[Data excerpts]
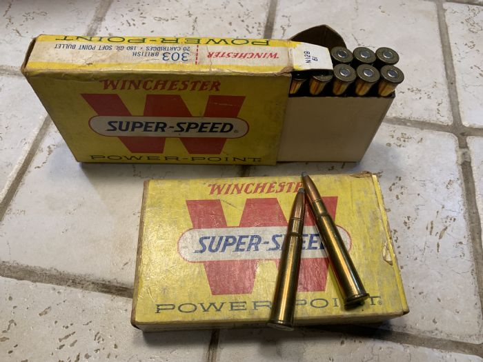The only old 303 I have are a couple of the yellow boxed Winchester, I think from the 60s. 5 of the 40 rounds are missing. 180g sp, which claim a MV of 2540 fps and 2580 fp of energy. I guess they’re not that old compared to others mentioned. It’ll probably shoot them.
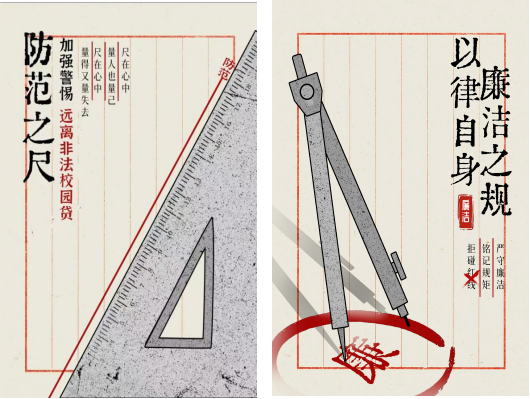 作品《廉洁尺规,自在心中》紧扣廉洁教育主题主线,把清廉元素融入创意设计,匠心设计了廉洁之尺、廉洁之规。作品采用红色与黑白灰相间的配色组合,红色代表警示,黑白灰则代表着严肃、严谨及规范,以此来烘托廉洁自律、坚守红线的主题。黑色字体与浅色背景形成强烈的警示作用。作品还融入了书信元素,引导师生重视自律自省,强化同防共治,携手同行,共创清廉文明的校园文化环境。
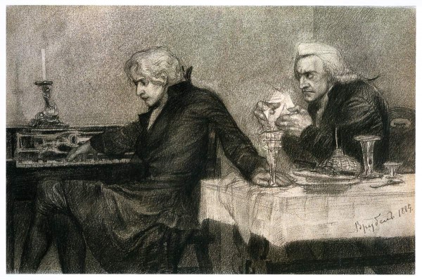 Литературная классика постоянно питала воображение Врубеля. Известные рисунки к трагедии А. С. Пушкина „Моцарт и Сальери“ созданы им для показа через волшебный фонарь на вечере учеников <Академии> в Рождество 1884 года. Рисованные карандашом, они удачны в выборе моментов пьесы и в разработке характеров. В создании образов художник мастерски воспользовался эффектами светлого и темного, ролью интерьера, усиливающего эмоциональную насыщенность сцен. / Владимир Круглов. Наследие Михаила Врубеля в Русском музее // Михаил Врубель. СПб, 2006. С. 14.
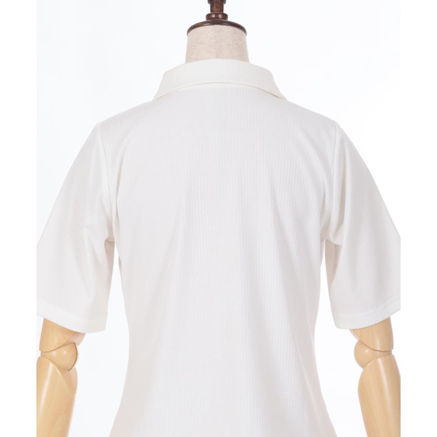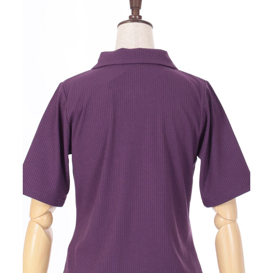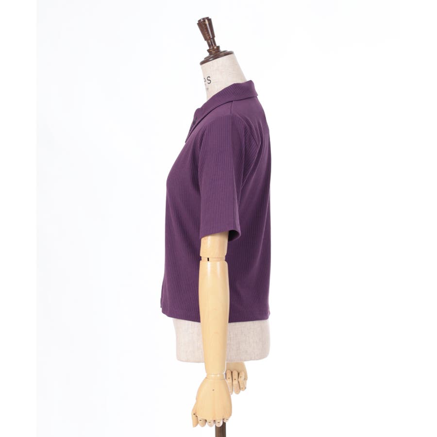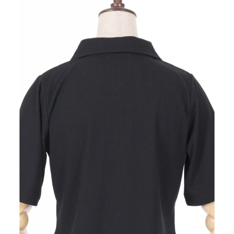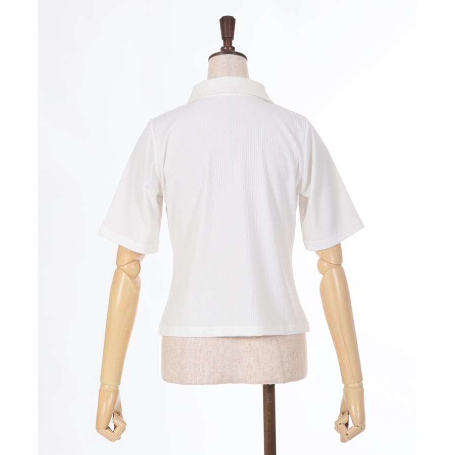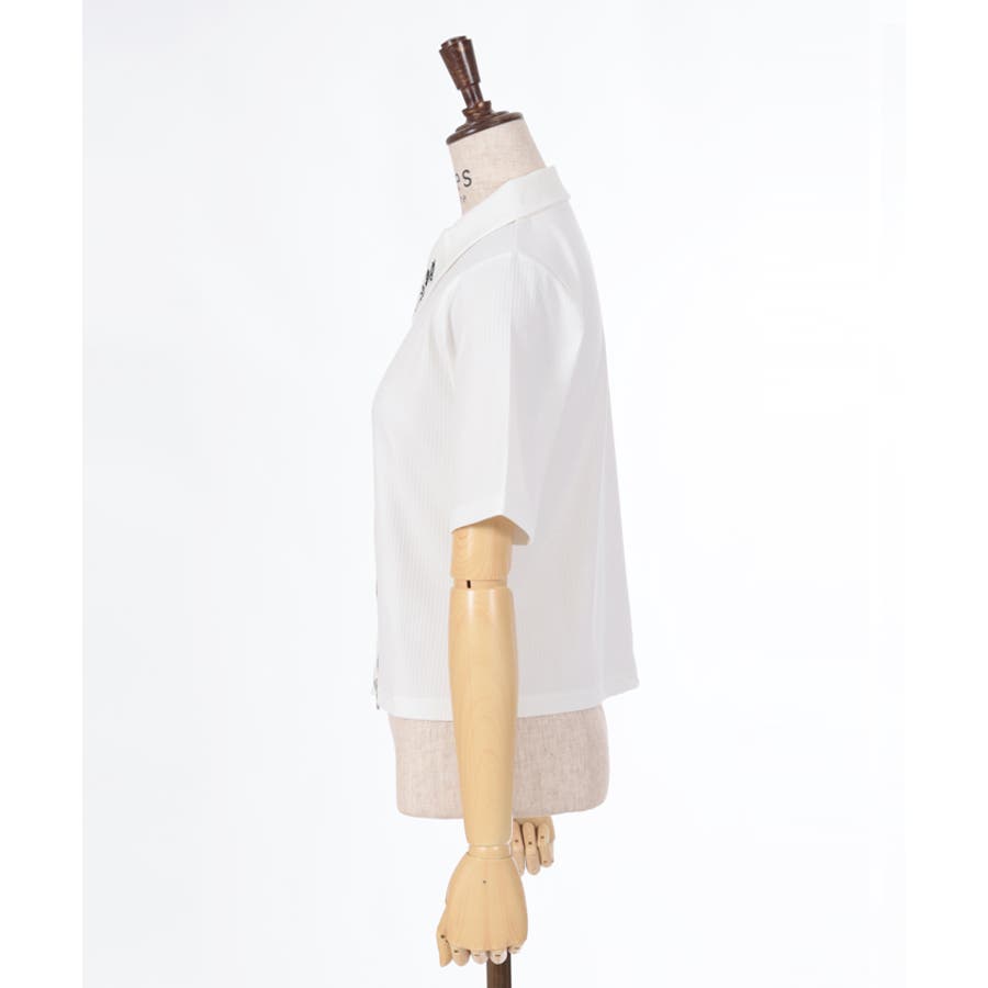 ストライプ見えするリブで全体的にすっきりとしたシルエットに◎。襟先にはローズ・バタフライ刺繍をワンカラーであしらいアクセントに♪
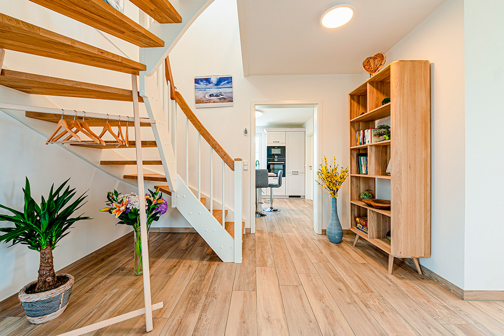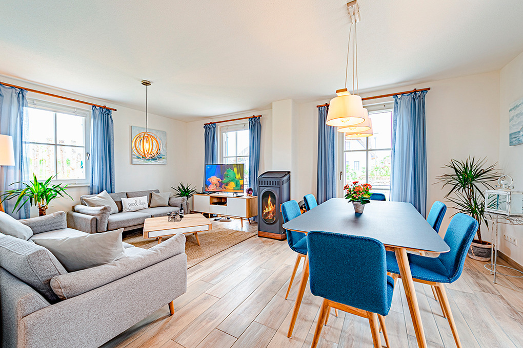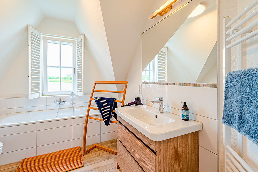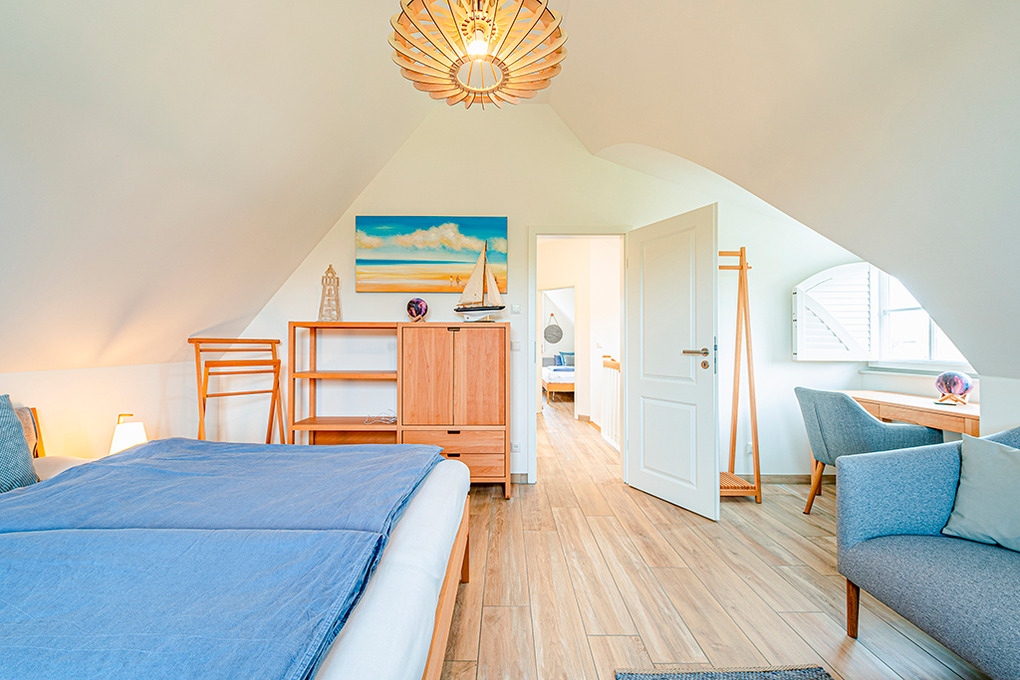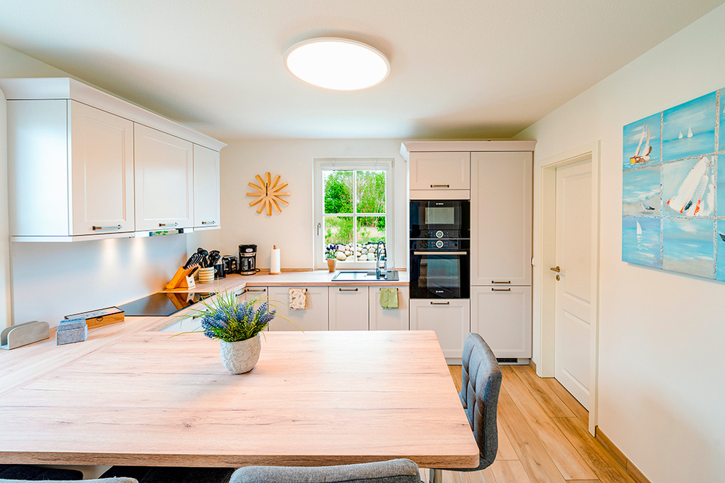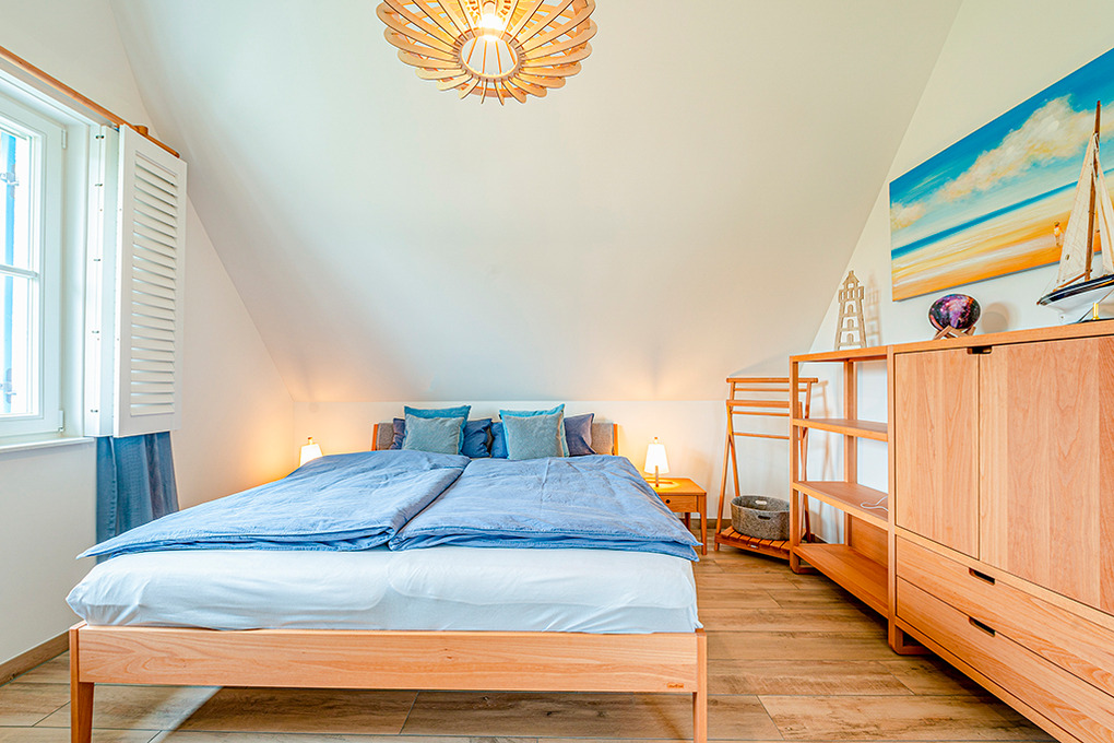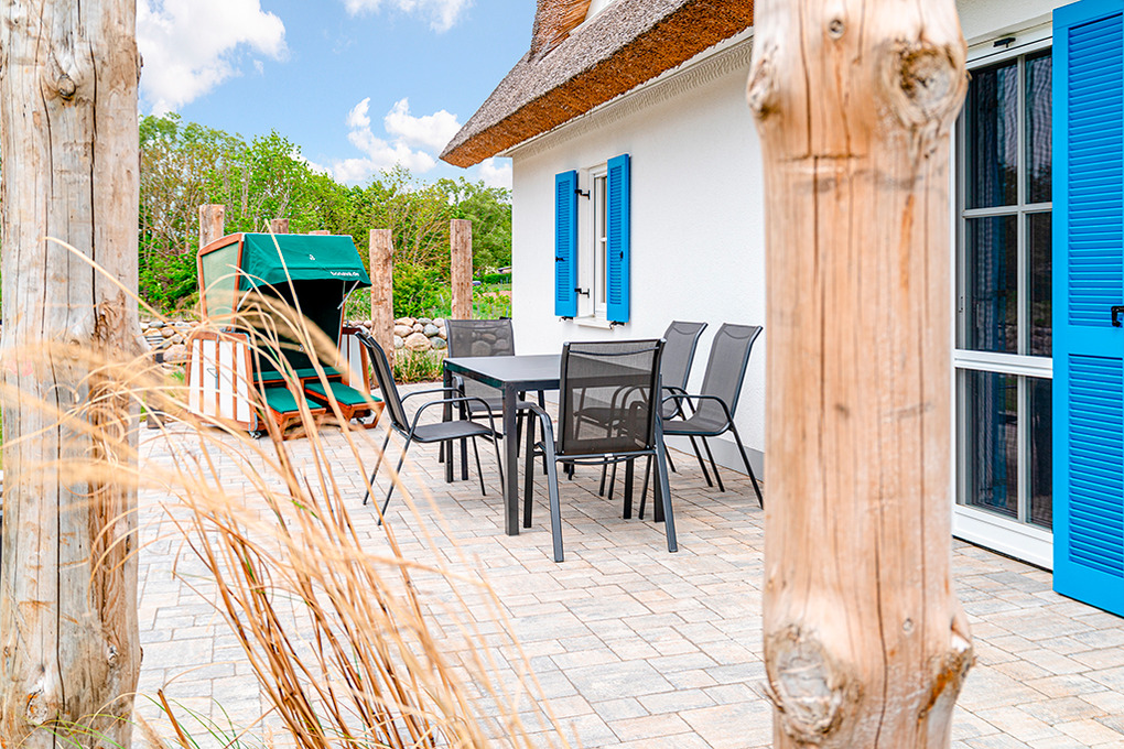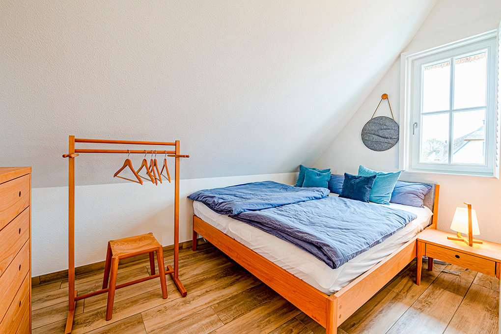 Haus: Ökologisches Reetdachhaus mit Sauna und Kaminofen, 2020 neu erbaut. Schöner Wasserblick aus der 2. Häuserreihe. Bei der Einrichtung wurde bewusst auf ein ökologisches Konzept gesetzt: alle Schlafzimmer sind mit metallfreien Bioholzmöbeln ausgestattet. Weitere nachhaltige Stoffe wie Bio-Gardinen und Bio Teppiche runden die moderne und exklusive Einrichtung ab. Nichtraucherhaus. Kostenloser Internetzugang (W-Lan). Fußbodenheizung. Waschmaschine. Terrasse mit Sitzmöbeln, Strandkorb, Grill. 2 Pkw-Stellplätze am Haus.

> [YOUR INSTRUCTIONS]: Write down exactly what the lines above say, from the line holding "Литературная классика постоянно" through the line holding "ストライプ見えするリブで全体", and nothing more. Do not copy the pictures.

> [RESULT OF THIS TASK]:
 Литературная классика постоянно питала воображение Врубеля. Известные рисунки к трагедии А. С. Пушкина „Моцарт и Сальери“ созданы им для показа через волшебный фонарь на вечере учеников <Академии> в Рождество 1884 года. Рисованные карандашом, они удачны в выборе моментов пьесы и в разработке характеров. В создании образов художник мастерски воспользовался эффектами светлого и темного, ролью интерьера, усиливающего эмоциональную насыщенность сцен. / Владимир Круглов. Наследие Михаила Врубеля в Русском музее // Михаил Врубель. СПб, 2006. С. 14.
 ストライプ見えするリブで全体的にすっきりとしたシルエットに◎。襟先にはローズ・バタフライ刺繍をワンカラーであしらいアクセントに♪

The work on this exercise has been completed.